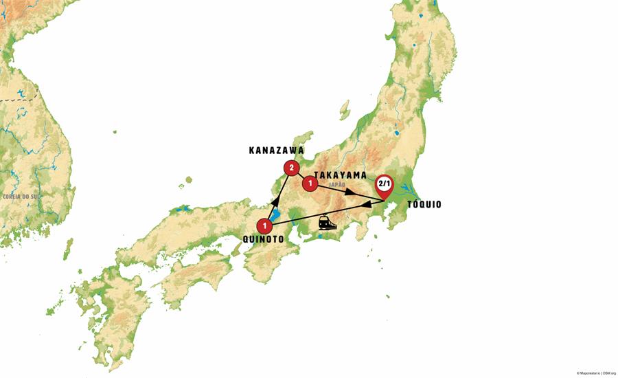 Entradas: Metrô, Templo Zojoji, Templo Meiji, Templo Sensoji, Tokyo Skytree (até o mirante Tembo Deck), Fushimi Inari, Palacio Imperial, Templo de Kinkakuji , Santuario de Shirahige Ginra e Templo Mosteiro de Eihei-Ji , Museu dos Dinossauros, Grande Buda e Pagode de Echizen, Santuário Xintoísta Heisenji Hakusan , Jardim de Kenrokuen , Aldeia pequena , Aldeia de Shirakawa-go Oguimachi , Museu- Aldeia de Hida , Museu , Castelo
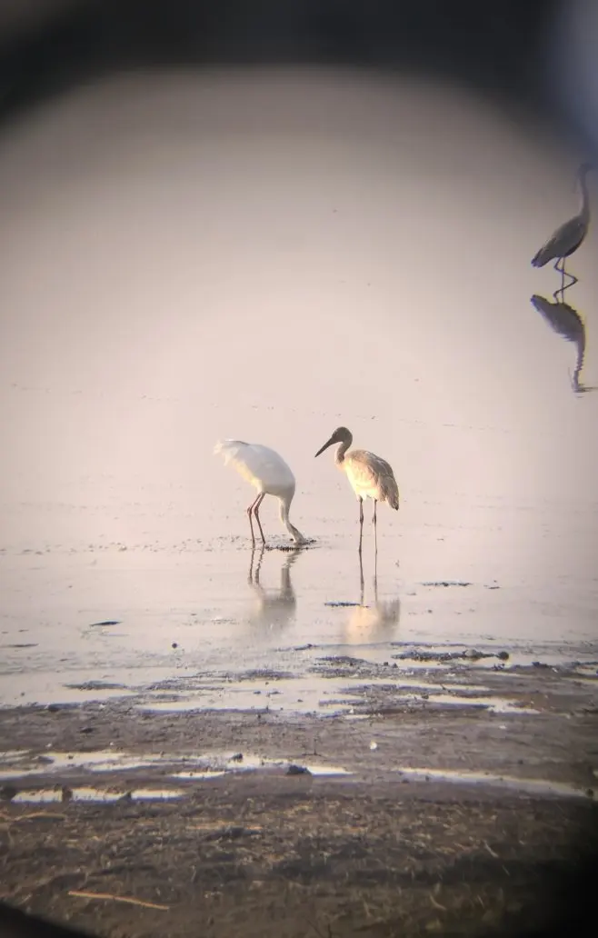 因为个子低,观鸟台的望远镜你够不到。我拿着手机对着望远镜给你拍下了一只鸟为另外一只鸟从浅滩里找东西吃的照片。你傻笑着对我说,这一定是鸟爸爸和他的鸟宝宝。
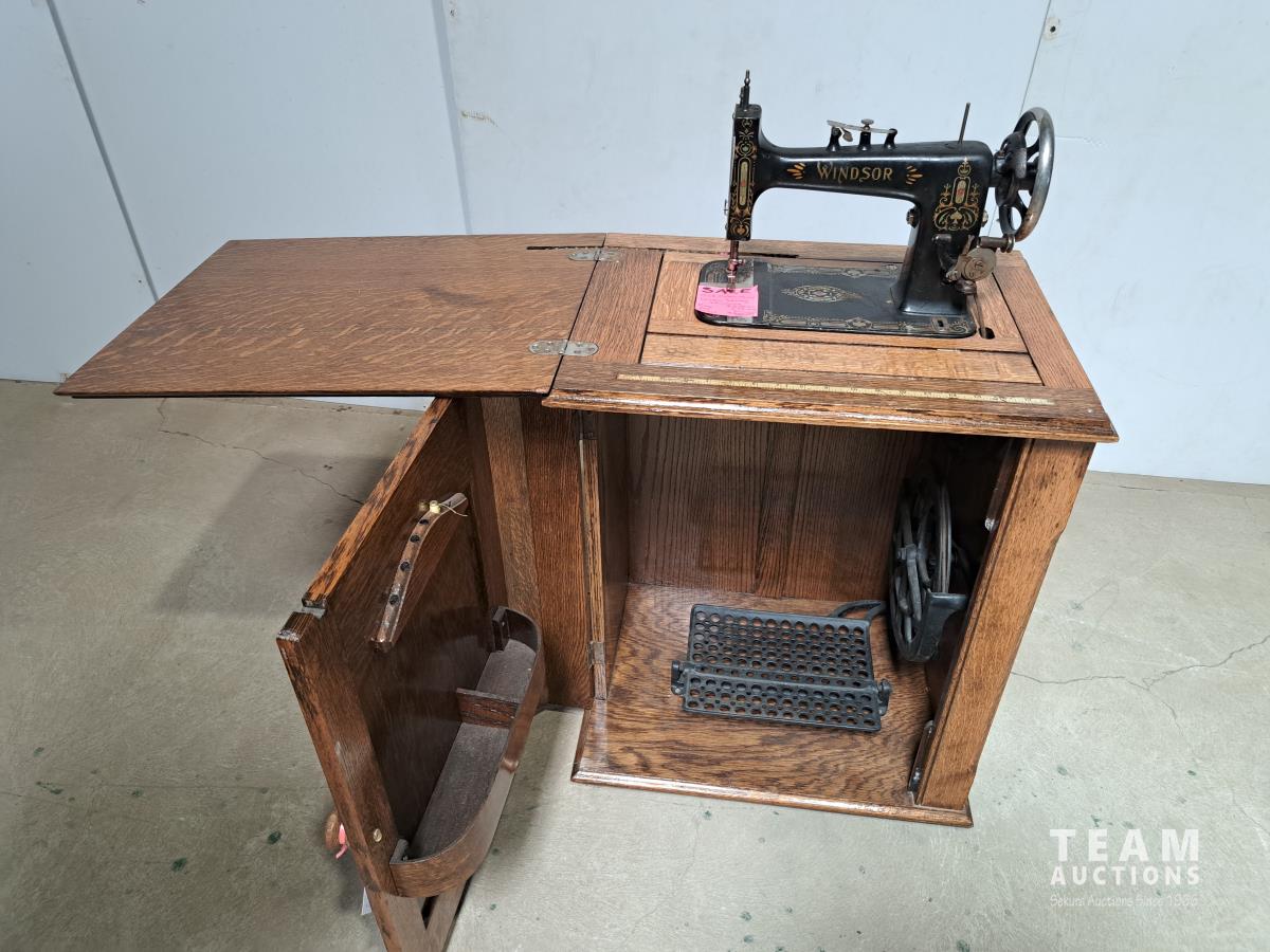 51 Antique Windsor Treadle Sewing Machine with Oak Cabinet

════════════════════

*PROMPT*. Omitting all pictures, give the preceding listing again exactly.

*SOLUTION*.
 Entradas: Metrô, Templo Zojoji, Templo Meiji, Templo Sensoji, Tokyo Skytree (até o mirante Tembo Deck), Fushimi Inari, Palacio Imperial, Templo de Kinkakuji , Santuario de Shirahige Ginra e Templo Mosteiro de Eihei-Ji , Museu dos Dinossauros, Grande Buda e Pagode de Echizen, Santuário Xintoísta Heisenji Hakusan , Jardim de Kenrokuen , Aldeia pequena , Aldeia de Shirakawa-go Oguimachi , Museu- Aldeia de Hida , Museu , Castelo
 因为个子低,观鸟台的望远镜你够不到。我拿着手机对着望远镜给你拍下了一只鸟为另外一只鸟从浅滩里找东西吃的照片。你傻笑着对我说,这一定是鸟爸爸和他的鸟宝宝。
 51 Antique Windsor Treadle Sewing Machine with Oak Cabinet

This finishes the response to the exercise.